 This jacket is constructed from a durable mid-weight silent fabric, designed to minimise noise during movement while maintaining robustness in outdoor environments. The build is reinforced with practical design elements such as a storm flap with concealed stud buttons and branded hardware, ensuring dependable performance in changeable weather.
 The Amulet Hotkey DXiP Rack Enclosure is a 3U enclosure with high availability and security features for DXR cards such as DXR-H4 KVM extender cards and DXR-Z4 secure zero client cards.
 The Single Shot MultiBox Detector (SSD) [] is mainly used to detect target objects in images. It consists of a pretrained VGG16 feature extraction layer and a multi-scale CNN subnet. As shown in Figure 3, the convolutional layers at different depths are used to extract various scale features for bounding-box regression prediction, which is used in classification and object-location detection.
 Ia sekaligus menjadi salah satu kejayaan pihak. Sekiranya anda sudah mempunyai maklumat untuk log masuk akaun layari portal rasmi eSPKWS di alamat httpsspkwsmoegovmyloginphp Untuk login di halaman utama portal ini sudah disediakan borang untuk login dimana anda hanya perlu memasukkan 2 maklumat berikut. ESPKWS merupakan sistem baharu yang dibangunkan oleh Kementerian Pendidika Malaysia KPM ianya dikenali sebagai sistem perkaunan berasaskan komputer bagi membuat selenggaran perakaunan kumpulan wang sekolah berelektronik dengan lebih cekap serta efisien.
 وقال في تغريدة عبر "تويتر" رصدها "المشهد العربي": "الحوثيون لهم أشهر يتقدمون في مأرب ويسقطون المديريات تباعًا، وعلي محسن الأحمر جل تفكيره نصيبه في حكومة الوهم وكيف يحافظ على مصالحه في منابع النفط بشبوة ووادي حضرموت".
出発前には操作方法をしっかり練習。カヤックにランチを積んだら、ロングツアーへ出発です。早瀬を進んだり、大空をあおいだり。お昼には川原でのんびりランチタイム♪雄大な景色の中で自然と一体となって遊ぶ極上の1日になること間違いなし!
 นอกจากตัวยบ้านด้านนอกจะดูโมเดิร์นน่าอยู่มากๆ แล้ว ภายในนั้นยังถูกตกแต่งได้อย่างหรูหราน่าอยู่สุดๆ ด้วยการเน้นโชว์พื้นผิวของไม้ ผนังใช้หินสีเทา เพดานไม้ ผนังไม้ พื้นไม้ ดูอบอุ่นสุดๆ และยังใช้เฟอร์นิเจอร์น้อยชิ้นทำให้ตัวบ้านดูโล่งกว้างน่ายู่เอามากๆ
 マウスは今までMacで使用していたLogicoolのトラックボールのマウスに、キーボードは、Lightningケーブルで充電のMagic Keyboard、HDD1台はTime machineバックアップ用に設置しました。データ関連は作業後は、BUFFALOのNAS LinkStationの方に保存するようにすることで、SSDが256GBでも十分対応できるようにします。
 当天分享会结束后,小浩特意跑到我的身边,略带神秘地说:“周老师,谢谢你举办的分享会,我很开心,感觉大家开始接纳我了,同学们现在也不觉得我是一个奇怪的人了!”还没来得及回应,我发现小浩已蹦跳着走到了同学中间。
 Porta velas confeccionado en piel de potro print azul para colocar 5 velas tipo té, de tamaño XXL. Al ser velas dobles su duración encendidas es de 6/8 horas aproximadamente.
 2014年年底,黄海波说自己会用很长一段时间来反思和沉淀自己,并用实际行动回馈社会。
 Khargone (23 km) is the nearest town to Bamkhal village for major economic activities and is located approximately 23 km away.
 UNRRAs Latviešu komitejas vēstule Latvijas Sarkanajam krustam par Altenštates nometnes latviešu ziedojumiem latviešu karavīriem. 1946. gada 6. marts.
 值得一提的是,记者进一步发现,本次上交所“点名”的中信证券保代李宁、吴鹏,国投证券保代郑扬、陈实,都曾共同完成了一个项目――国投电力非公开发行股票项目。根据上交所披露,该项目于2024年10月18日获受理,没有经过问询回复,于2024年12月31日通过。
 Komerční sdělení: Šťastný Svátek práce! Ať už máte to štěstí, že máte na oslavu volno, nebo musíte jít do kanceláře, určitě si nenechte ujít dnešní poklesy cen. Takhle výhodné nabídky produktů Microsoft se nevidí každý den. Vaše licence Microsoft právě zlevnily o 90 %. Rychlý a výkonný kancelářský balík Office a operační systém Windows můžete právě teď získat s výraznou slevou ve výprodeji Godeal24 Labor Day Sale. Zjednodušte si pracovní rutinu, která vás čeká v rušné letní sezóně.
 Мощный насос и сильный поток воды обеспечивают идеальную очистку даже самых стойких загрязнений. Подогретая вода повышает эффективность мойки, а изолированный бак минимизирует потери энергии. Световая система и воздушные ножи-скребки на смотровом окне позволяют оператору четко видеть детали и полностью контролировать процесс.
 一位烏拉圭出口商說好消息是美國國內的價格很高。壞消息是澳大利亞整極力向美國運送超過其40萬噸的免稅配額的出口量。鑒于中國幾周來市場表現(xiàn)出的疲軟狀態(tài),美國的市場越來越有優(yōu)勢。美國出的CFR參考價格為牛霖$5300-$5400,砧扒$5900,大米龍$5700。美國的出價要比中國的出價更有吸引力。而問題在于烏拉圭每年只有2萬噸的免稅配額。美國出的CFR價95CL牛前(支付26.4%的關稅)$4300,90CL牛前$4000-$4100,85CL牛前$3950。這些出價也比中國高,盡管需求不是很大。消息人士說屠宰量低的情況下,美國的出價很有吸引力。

* [Task]:
For the records above, restate every line word for word.

* [Written solution]:
 This jacket is constructed from a durable mid-weight silent fabric, designed to minimise noise during movement while maintaining robustness in outdoor environments. The build is reinforced with practical design elements such as a storm flap with concealed stud buttons and branded hardware, ensuring dependable performance in changeable weather.
 The Amulet Hotkey DXiP Rack Enclosure is a 3U enclosure with high availability and security features for DXR cards such as DXR-H4 KVM extender cards and DXR-Z4 secure zero client cards.
 The Single Shot MultiBox Detector (SSD) [] is mainly used to detect target objects in images. It consists of a pretrained VGG16 feature extraction layer and a multi-scale CNN subnet. As shown in Figure 3, the convolutional layers at different depths are used to extract various scale features for bounding-box regression prediction, which is used in classification and object-location detection.
 Ia sekaligus menjadi salah satu kejayaan pihak. Sekiranya anda sudah mempunyai maklumat untuk log masuk akaun layari portal rasmi eSPKWS di alamat httpsspkwsmoegovmyloginphp Untuk login di halaman utama portal ini sudah disediakan borang untuk login dimana anda hanya perlu memasukkan 2 maklumat berikut. ESPKWS merupakan sistem baharu yang dibangunkan oleh Kementerian Pendidika Malaysia KPM ianya dikenali sebagai sistem perkaunan berasaskan komputer bagi membuat selenggaran perakaunan kumpulan wang sekolah berelektronik dengan lebih cekap serta efisien.
 وقال في تغريدة عبر "تويتر" رصدها "المشهد العربي": "الحوثيون لهم أشهر يتقدمون في مأرب ويسقطون المديريات تباعًا، وعلي محسن الأحمر جل تفكيره نصيبه في حكومة الوهم وكيف يحافظ على مصالحه في منابع النفط بشبوة ووادي حضرموت".
出発前には操作方法をしっかり練習。カヤックにランチを積んだら、ロングツアーへ出発です。早瀬を進んだり、大空をあおいだり。お昼には川原でのんびりランチタイム♪雄大な景色の中で自然と一体となって遊ぶ極上の1日になること間違いなし!
 นอกจากตัวยบ้านด้านนอกจะดูโมเดิร์นน่าอยู่มากๆ แล้ว ภายในนั้นยังถูกตกแต่งได้อย่างหรูหราน่าอยู่สุดๆ ด้วยการเน้นโชว์พื้นผิวของไม้ ผนังใช้หินสีเทา เพดานไม้ ผนังไม้ พื้นไม้ ดูอบอุ่นสุดๆ และยังใช้เฟอร์นิเจอร์น้อยชิ้นทำให้ตัวบ้านดูโล่งกว้างน่ายู่เอามากๆ
 マウスは今までMacで使用していたLogicoolのトラックボールのマウスに、キーボードは、Lightningケーブルで充電のMagic Keyboard、HDD1台はTime machineバックアップ用に設置しました。データ関連は作業後は、BUFFALOのNAS LinkStationの方に保存するようにすることで、SSDが256GBでも十分対応できるようにします。
 当天分享会结束后,小浩特意跑到我的身边,略带神秘地说:“周老师,谢谢你举办的分享会,我很开心,感觉大家开始接纳我了,同学们现在也不觉得我是一个奇怪的人了!”还没来得及回应,我发现小浩已蹦跳着走到了同学中间。
 Porta velas confeccionado en piel de potro print azul para colocar 5 velas tipo té, de tamaño XXL. Al ser velas dobles su duración encendidas es de 6/8 horas aproximadamente.
 2014年年底,黄海波说自己会用很长一段时间来反思和沉淀自己,并用实际行动回馈社会。
 Khargone (23 km) is the nearest town to Bamkhal village for major economic activities and is located approximately 23 km away.
 UNRRAs Latviešu komitejas vēstule Latvijas Sarkanajam krustam par Altenštates nometnes latviešu ziedojumiem latviešu karavīriem. 1946. gada 6. marts.
 值得一提的是,记者进一步发现,本次上交所“点名”的中信证券保代李宁、吴鹏,国投证券保代郑扬、陈实,都曾共同完成了一个项目――国投电力非公开发行股票项目。根据上交所披露,该项目于2024年10月18日获受理,没有经过问询回复,于2024年12月31日通过。
 Komerční sdělení: Šťastný Svátek práce! Ať už máte to štěstí, že máte na oslavu volno, nebo musíte jít do kanceláře, určitě si nenechte ujít dnešní poklesy cen. Takhle výhodné nabídky produktů Microsoft se nevidí každý den. Vaše licence Microsoft právě zlevnily o 90 %. Rychlý a výkonný kancelářský balík Office a operační systém Windows můžete právě teď získat s výraznou slevou ve výprodeji Godeal24 Labor Day Sale. Zjednodušte si pracovní rutinu, která vás čeká v rušné letní sezóně.
 Мощный насос и сильный поток воды обеспечивают идеальную очистку даже самых стойких загрязнений. Подогретая вода повышает эффективность мойки, а изолированный бак минимизирует потери энергии. Световая система и воздушные ножи-скребки на смотровом окне позволяют оператору четко видеть детали и полностью контролировать процесс.
 一位烏拉圭出口商說好消息是美國國內的價格很高。壞消息是澳大利亞整極力向美國運送超過其40萬噸的免稅配額的出口量。鑒于中國幾周來市場表現(xiàn)出的疲軟狀態(tài),美國的市場越來越有優(yōu)勢。美國出的CFR參考價格為牛霖$5300-$5400,砧扒$5900,大米龍$5700。美國的出價要比中國的出價更有吸引力。而問題在于烏拉圭每年只有2萬噸的免稅配額。美國出的CFR價95CL牛前(支付26.4%的關稅)$4300,90CL牛前$4000-$4100,85CL牛前$3950。這些出價也比中國高,盡管需求不是很大。消息人士說屠宰量低的情況下,美國的出價很有吸引力。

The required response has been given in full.